**Task goal**:
Return the run of lines below that opens with the line containing "Номер жалобы:64745 Тип" and closes with the line containing "This colorful scene", keeping each one exact.

**Study material**:
########################################

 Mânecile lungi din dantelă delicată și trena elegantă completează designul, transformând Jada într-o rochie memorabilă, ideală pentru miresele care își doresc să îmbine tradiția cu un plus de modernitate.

########################################

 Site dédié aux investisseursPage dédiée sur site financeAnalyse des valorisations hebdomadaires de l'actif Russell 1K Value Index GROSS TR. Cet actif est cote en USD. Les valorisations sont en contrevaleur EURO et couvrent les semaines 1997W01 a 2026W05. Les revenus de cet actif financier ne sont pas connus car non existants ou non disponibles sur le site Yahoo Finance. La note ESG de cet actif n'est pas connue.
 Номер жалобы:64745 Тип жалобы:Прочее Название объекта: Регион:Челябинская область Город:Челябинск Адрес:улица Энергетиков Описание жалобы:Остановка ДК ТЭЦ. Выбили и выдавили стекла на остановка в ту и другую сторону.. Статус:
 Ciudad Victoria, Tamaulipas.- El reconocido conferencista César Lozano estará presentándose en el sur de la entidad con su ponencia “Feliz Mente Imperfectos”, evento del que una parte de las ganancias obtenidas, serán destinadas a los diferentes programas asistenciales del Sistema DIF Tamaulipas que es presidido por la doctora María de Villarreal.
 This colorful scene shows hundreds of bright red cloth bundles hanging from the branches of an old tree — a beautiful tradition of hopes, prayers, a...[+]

########################################

**Answer for this exercise**:
 Номер жалобы:64745 Тип жалобы:Прочее Название объекта: Регион:Челябинская область Город:Челябинск Адрес:улица Энергетиков Описание жалобы:Остановка ДК ТЭЦ. Выбили и выдавили стекла на остановка в ту и другую сторону.. Статус:
 Ciudad Victoria, Tamaulipas.- El reconocido conferencista César Lozano estará presentándose en el sur de la entidad con su ponencia “Feliz Mente Imperfectos”, evento del que una parte de las ganancias obtenidas, serán destinadas a los diferentes programas asistenciales del Sistema DIF Tamaulipas que es presidido por la doctora María de Villarreal.
 This colorful scene shows hundreds of bright red cloth bundles hanging from the branches of an old tree — a beautiful tradition of hopes, prayers, a...[+]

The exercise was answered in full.